◆ TASK PROMPT
Only the lines from the start of the data through the line containing "顯示系統(tǒng)可接入各" should be written out, exactly as they are, with both ends included and the pictures left out.

Stored data:
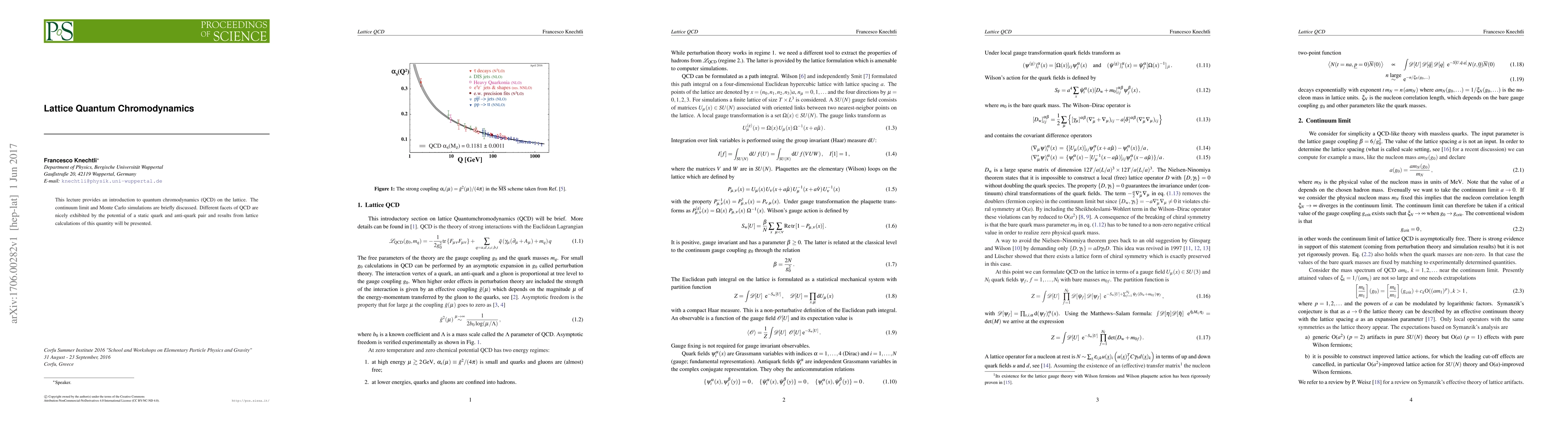 This lecture introduces lattice quantum chromodynamics (QCD), focusing on the continuum limit and Monte Carlo simulations. It presents lattice calculations of the potential between a static quark and anti-quark pair, showcasing various QCD aspects.
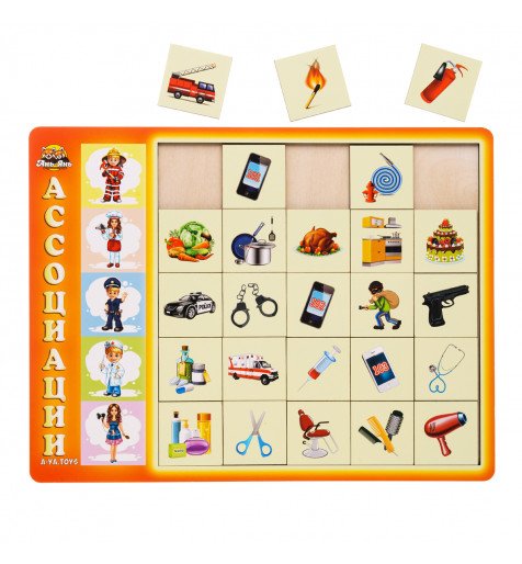 Сортер-ассоциации "Профессии" – рамка, на котором изображены пять разных профессий. Необходимо правильно собрать 5 рядов квадратов (25 плашек) с изображением предметов и персонажей по каждой из профессий.
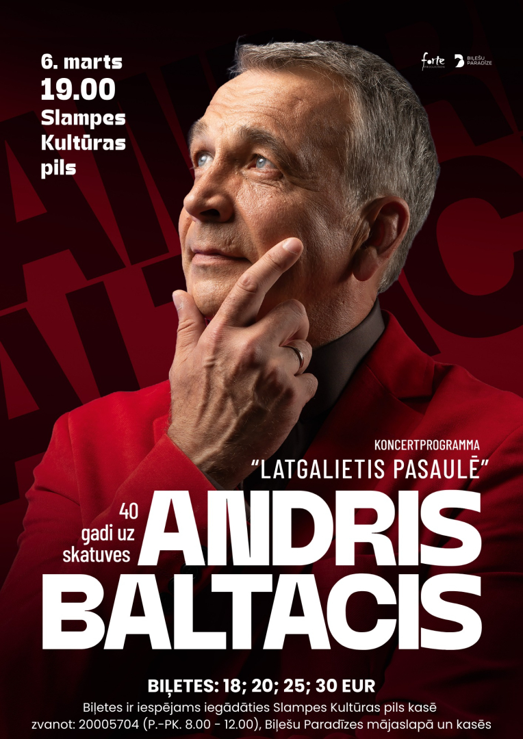 6. martā plkst. 19.00 Slampes Kultūras pilī Andra Baltača koncertprogramma "Latgalietis pasaulē".
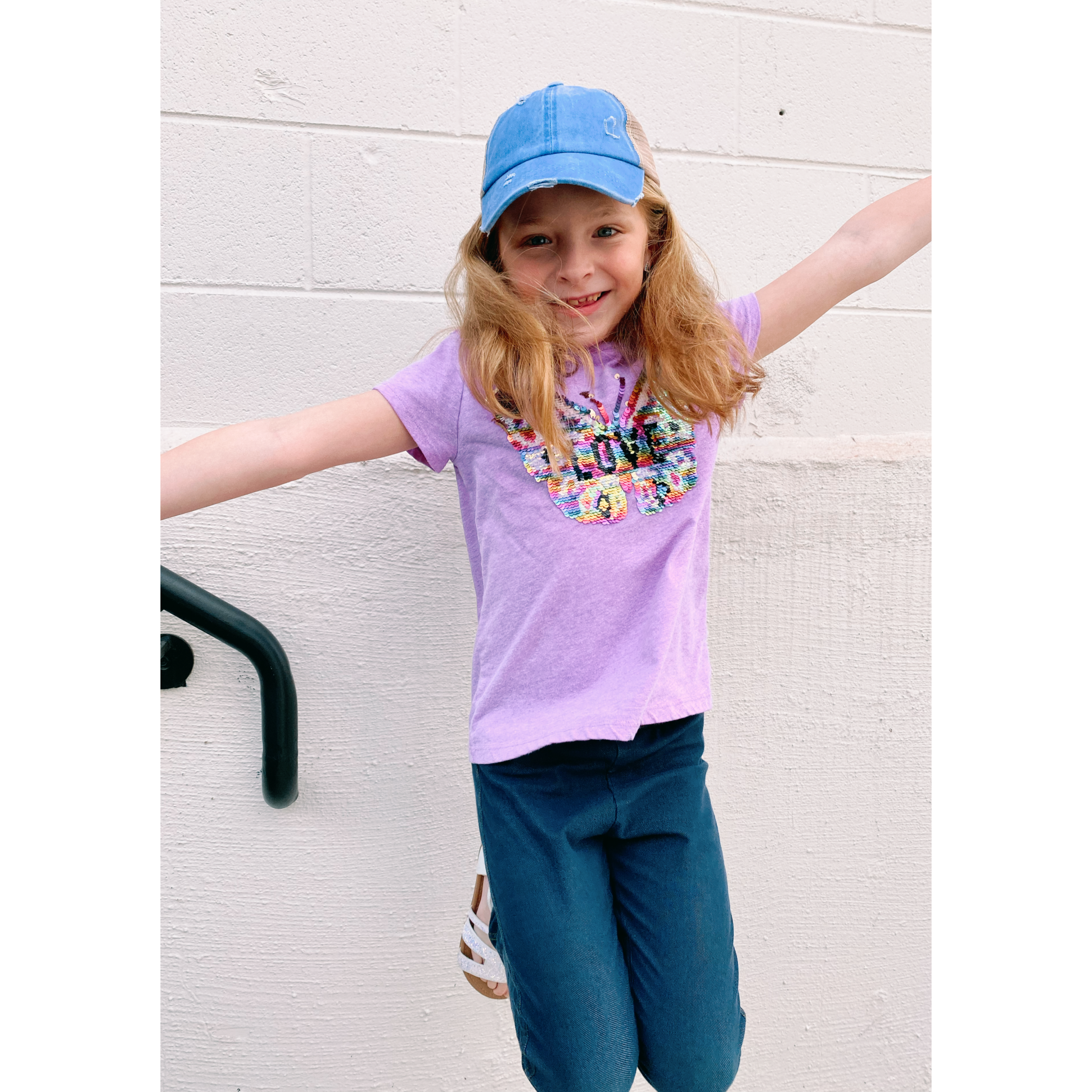 All New! Our KIDS distressed ball cap is sure to make your favorite little ones feel special, and with our most popular Criss-Cross back, it allows you to style your little one's hair at different levels to suit their personality! Even better, they can match mom!
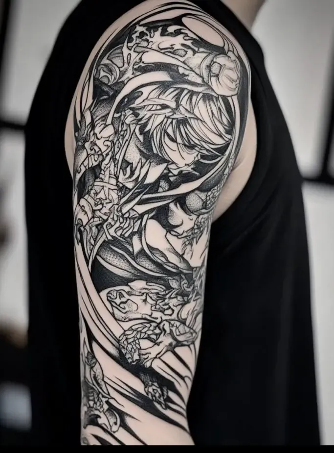 Anime tattoos are a bold way to express your love for a series, and Demon Slayer” is no exception. A tattoo can serve as a conversation starter, connecting you with other fans and allowing you to proudly display your fandom.
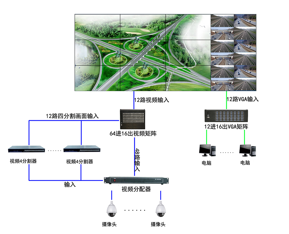 顯示系統(tǒng)可接入各種制式復(fù)合視頻信號(hào)、DVI信號(hào)、HDMI信號(hào)、VGA等信號(hào)的輸入。信號(hào)切換顯示在屏幕上不出現(xiàn)雪花點(diǎn)、拖尾、延遲現(xiàn)象。拼接墻顯示系統(tǒng)可同時(shí)顯示輸入信息中的任意1路以上信號(hào),任意一路輸入信號(hào)既可整屏顯示、單屏、全屏、跨屏漫游拼接顯示,多畫面分割功能。拼接方案可采用機(jī)柜式安裝支架,壁掛安裝,機(jī)柜等安裝可實(shí)現(xiàn)零距離拼縫,美觀大方;又可方便拆卸及安裝維護(hù)。 我公司通過先進(jìn)的技術(shù),完善的方案使液晶拼接顯示系統(tǒng)可以將各類信號(hào)在液晶拼接墻上顯示,形成一套功能完善、技術(shù)先進(jìn)的信息顯示管理控制系統(tǒng),為用戶提供先進(jìn)的技術(shù)服務(wù),滿足工作及業(yè)務(wù)發(fā)展的各種需要。
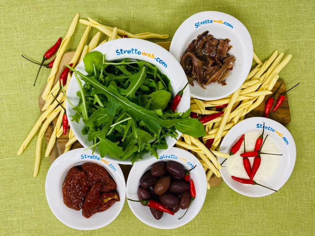 La rucola è considerata un “superfood”: sono 17 i nutrienti essenziali per la salute contenuti in questo ortaggio capace di produrre delle molecole ad azione antinfiammatoria, antiossidante e antinfiammatoria fra cui il sulforafano, presente anche nei broccoli. Questo pesto racchiude anche i pomodori secchi, il cui primo produttore italiano è la Calabria. Il sole, l’aria, il clima mite e asciutto ed il sale sono gli unici ingredienti che creano i pomodorini secchi calabresi. L’essiccazione al sole è una delle tecniche di conservazione più antiche della tradizione dei nostri contadini che, per necessità, impararono a realizzare le conserve alimentari. Le alici sott’olio arricchiscono questo pesto: preziose quando ancora non esistevano i frigoriferi, oggi sono un “Prodotto Agroalimentare Tradizionale Calabrese”.
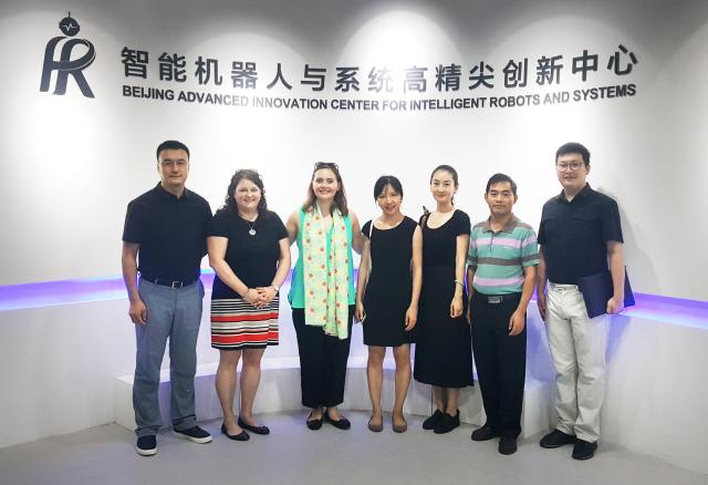 Lori A. Hurvitz一行参观了beat365智能机器人与系统高精尖创新中心和电动车辆国家工程实验室,在中心副主任周勇和实验室王彭徽等老师的介绍下,感受到了北理工在前沿科技领域的学科特色。
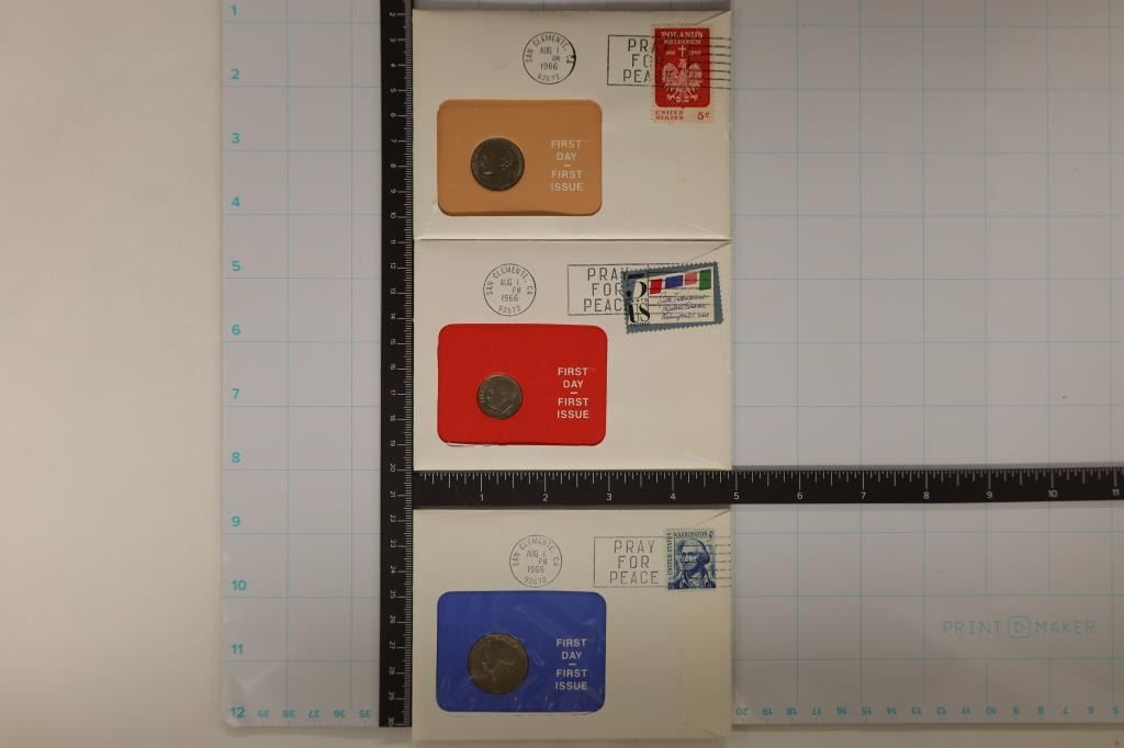 1966 JEFFERSON NICKEL, 1966 ROOSEVELT DIME AND 1966 WASHINGTON QUARTER.

◆ RESULT OF THIS TASK
 This lecture introduces lattice quantum chromodynamics (QCD), focusing on the continuum limit and Monte Carlo simulations. It presents lattice calculations of the potential between a static quark and anti-quark pair, showcasing various QCD aspects.
 Сортер-ассоциации "Профессии" – рамка, на котором изображены пять разных профессий. Необходимо правильно собрать 5 рядов квадратов (25 плашек) с изображением предметов и персонажей по каждой из профессий.
 6. martā plkst. 19.00 Slampes Kultūras pilī Andra Baltača koncertprogramma "Latgalietis pasaulē".
 All New! Our KIDS distressed ball cap is sure to make your favorite little ones feel special, and with our most popular Criss-Cross back, it allows you to style your little one's hair at different levels to suit their personality! Even better, they can match mom!
 Anime tattoos are a bold way to express your love for a series, and Demon Slayer” is no exception. A tattoo can serve as a conversation starter, connecting you with other fans and allowing you to proudly display your fandom.
 顯示系統(tǒng)可接入各種制式復(fù)合視頻信號(hào)、DVI信號(hào)、HDMI信號(hào)、VGA等信號(hào)的輸入。信號(hào)切換顯示在屏幕上不出現(xiàn)雪花點(diǎn)、拖尾、延遲現(xiàn)象。拼接墻顯示系統(tǒng)可同時(shí)顯示輸入信息中的任意1路以上信號(hào),任意一路輸入信號(hào)既可整屏顯示、單屏、全屏、跨屏漫游拼接顯示,多畫面分割功能。拼接方案可采用機(jī)柜式安裝支架,壁掛安裝,機(jī)柜等安裝可實(shí)現(xiàn)零距離拼縫,美觀大方;又可方便拆卸及安裝維護(hù)。 我公司通過先進(jìn)的技術(shù),完善的方案使液晶拼接顯示系統(tǒng)可以將各類信號(hào)在液晶拼接墻上顯示,形成一套功能完善、技術(shù)先進(jìn)的信息顯示管理控制系統(tǒng),為用戶提供先進(jìn)的技術(shù)服務(wù),滿足工作及業(yè)務(wù)發(fā)展的各種需要。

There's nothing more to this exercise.